*** Opening of Records for processing ***
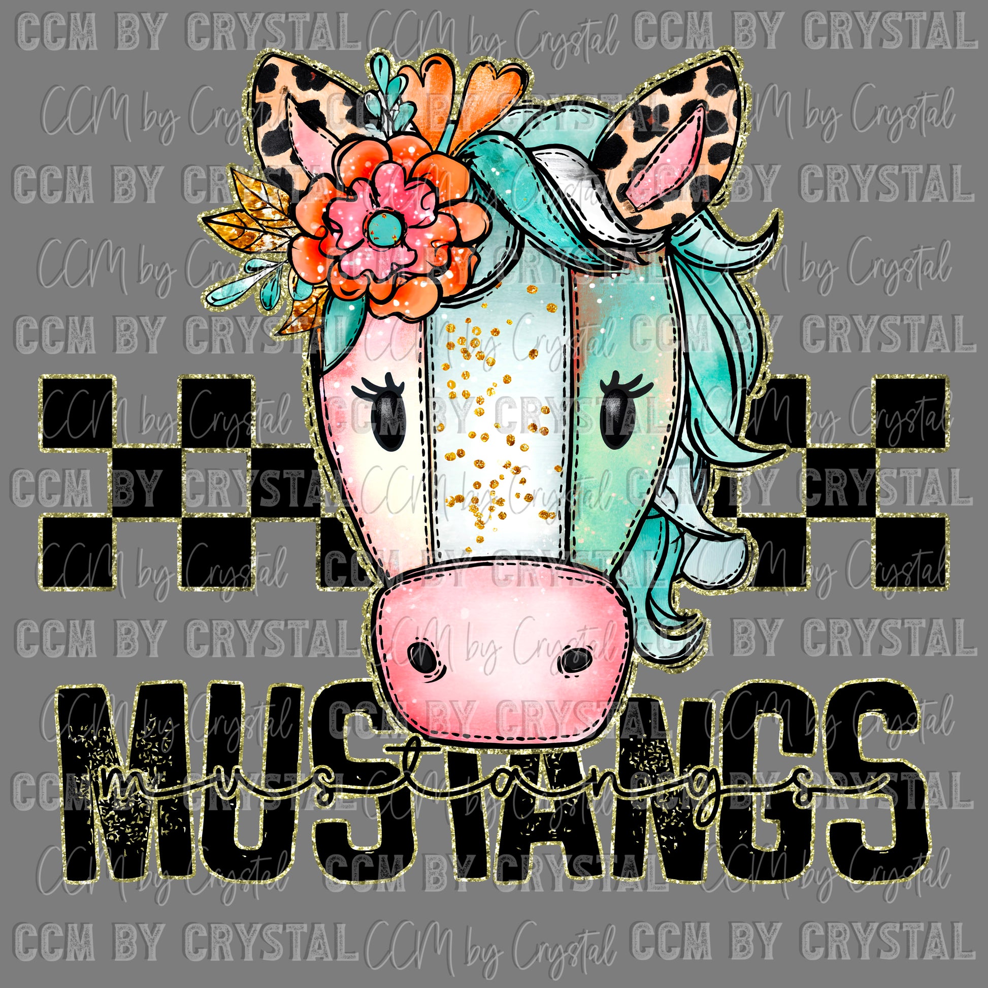 Mustangs ColorfulMascot Ready to Press Transfer DTF Transfer Sublimation Transfer
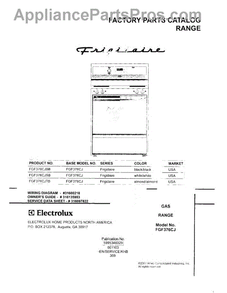 Parts for Frigidaire FGF376CJSB: 01 - Cover Parts
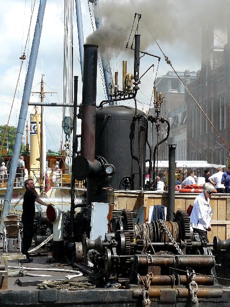 chaudière Field (j'ai vu les tubes d'eau) qui actionne une grue, des
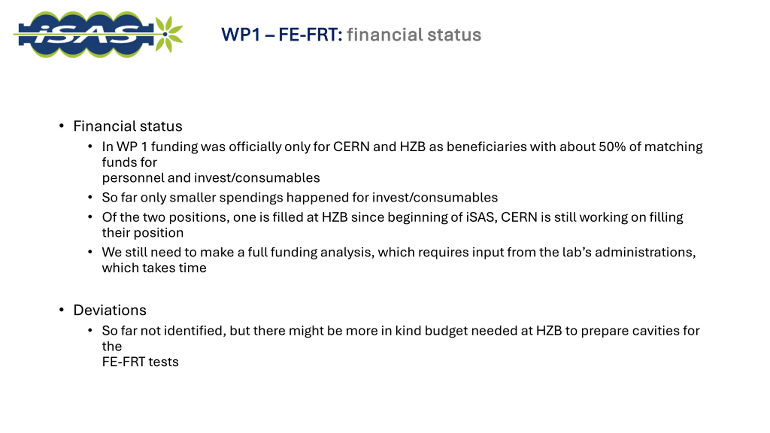 WP1 WP1 FE FE- -FRT: FRT: financial status financial status Financial status In WP 1 funding was officially only for CERN and HZB as beneficiaries with about 50% of matching funds for personnel and invest/consumables So far only smaller spendings happened for invest/consumables Of the two positions, one is filled at HZB since beginning of iSAS, CERN is still working on filling their position We still need to make a full funding analysis, which requires input from the lab s administrations, which takes time Deviations So far not identified, but there might be more in kind budget needed at HZB to prepare cavities for the FE-FRT tests
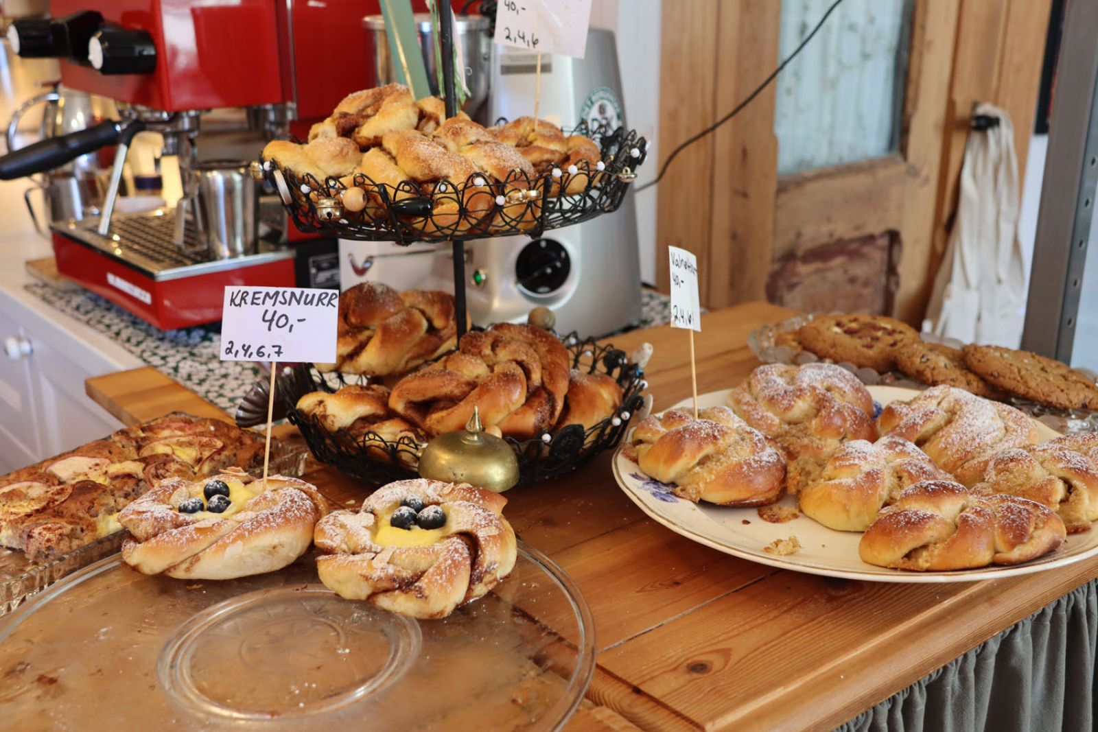 Da vi stikker innom en torsdag ettermiddag, møter vi innehaver Krisztina Holen bak disken. Det er koselig atmosfære i det lille lokalet, og den blide og hyggelige damen serverer oss focaccia med spekeskinke. Det smaker helt nydelig. Til dessert får vi smake på den gode baksten, kremsnurr. Helt nydelig det også. Hjemmelaget bringebærsaft og kaffe får vi også.
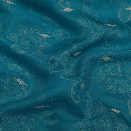 Sky Blue Color Cotton Embroidery Fabric
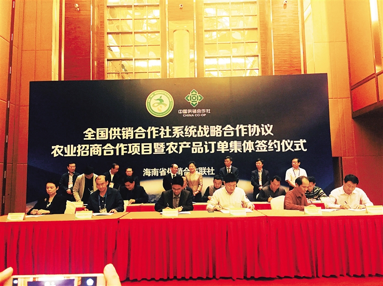在全国供销合作社系统战略合作协议农业招商合作项目暨农产品订单集体签约活动中,全国各地供销系统批发商与海南各市县特色农产品种养合作社以及农业企业签合同及意向合同累计达128宗,数量72.75万吨,成交金额29.73亿元,成为本届冬交会上海南特色农产品最大采购团。
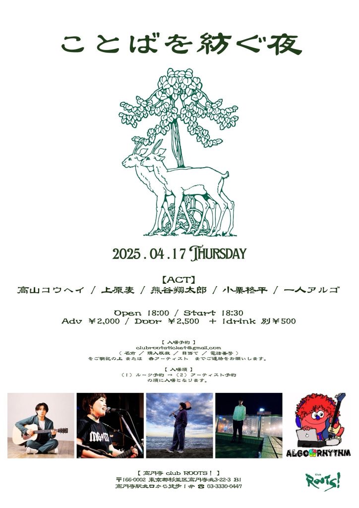 出演:上原麦 / 熊谷翔太郎 / 小栗柊平 / 一人アルゴ / 高山コウヘイ(出番18:30~)
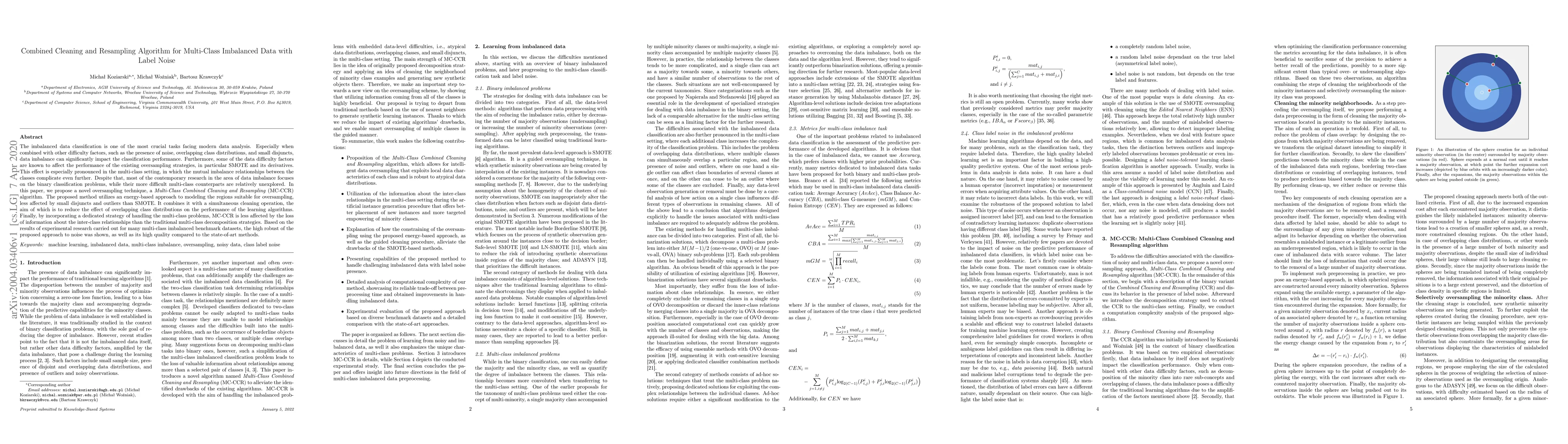 This paper proposes a novel Multi-Class Combined Cleaning and Resampling (MC-CCR) algorithm to address multi-class imbalanced data with label noise. The method combines an energy-based oversampling approach with a cleaning operation to improve classification performance, showing robustness and superior results compared to existing methods.
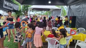 Ao final, esculturas de balão foram oferecidas como brindes aos participantes, incentivando o engajamento nas ações.
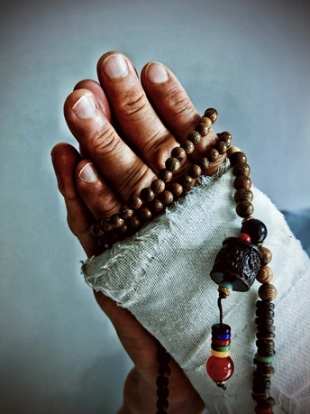 纱布缠着伤的痕, 木珠串着念的魂, 掌心相叠, 像把岁月的褶皱 轻轻拥吻。 每道纹路都刻着故事, 每颗珠子都载着虔诚, 在这沉静的光里, 疼痛与祈愿 织成了 生命的 韧与温。
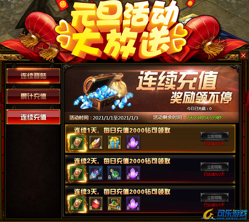 活动内容:活动时间内,玩家每日充值达到2000钻,即可获得丰厚奖励!
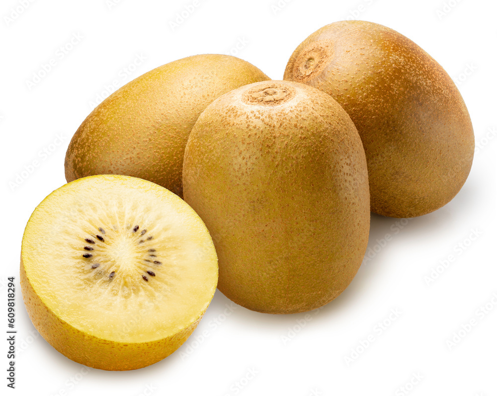 Golden Kiwi fruit isolated on white background, Fresh Kiwi fruit on White Background With clipping path.
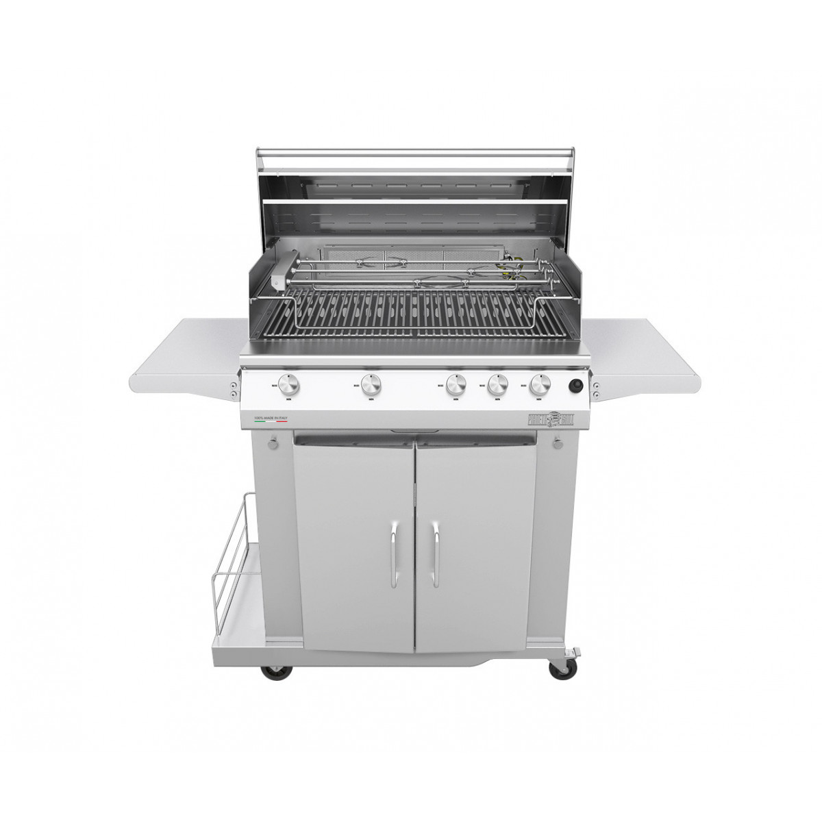 Manopole in acciaio inox – Cassetto estraibile in acciaio inox per la raccolta dei grassi di cottura – Vano porta bombola interno
*** Close of Records for processing ***
Your answer must be the exact lines from the records above, from the one containing "在全国供销合作社系统战略合作" through the one containing "活动内容:活动时间内,玩家每日充值达到2000钻,即可获得丰厚奖励!", both included, with every picture left out.

在全国供销合作社系统战略合作协议农业招商合作项目暨农产品订单集体签约活动中,全国各地供销系统批发商与海南各市县特色农产品种养合作社以及农业企业签合同及意向合同累计达128宗,数量72.75万吨,成交金额29.73亿元,成为本届冬交会上海南特色农产品最大采购团。
 出演:上原麦 / 熊谷翔太郎 / 小栗柊平 / 一人アルゴ / 高山コウヘイ(出番18:30~)
 This paper proposes a novel Multi-Class Combined Cleaning and Resampling (MC-CCR) algorithm to address multi-class imbalanced data with label noise. The method combines an energy-based oversampling approach with a cleaning operation to improve classification performance, showing robustness and superior results compared to existing methods.
 Ao final, esculturas de balão foram oferecidas como brindes aos participantes, incentivando o engajamento nas ações.
 纱布缠着伤的痕, 木珠串着念的魂, 掌心相叠, 像把岁月的褶皱 轻轻拥吻。 每道纹路都刻着故事, 每颗珠子都载着虔诚, 在这沉静的光里, 疼痛与祈愿 织成了 生命的 韧与温。
 活动内容:活动时间内,玩家每日充值达到2000钻,即可获得丰厚奖励!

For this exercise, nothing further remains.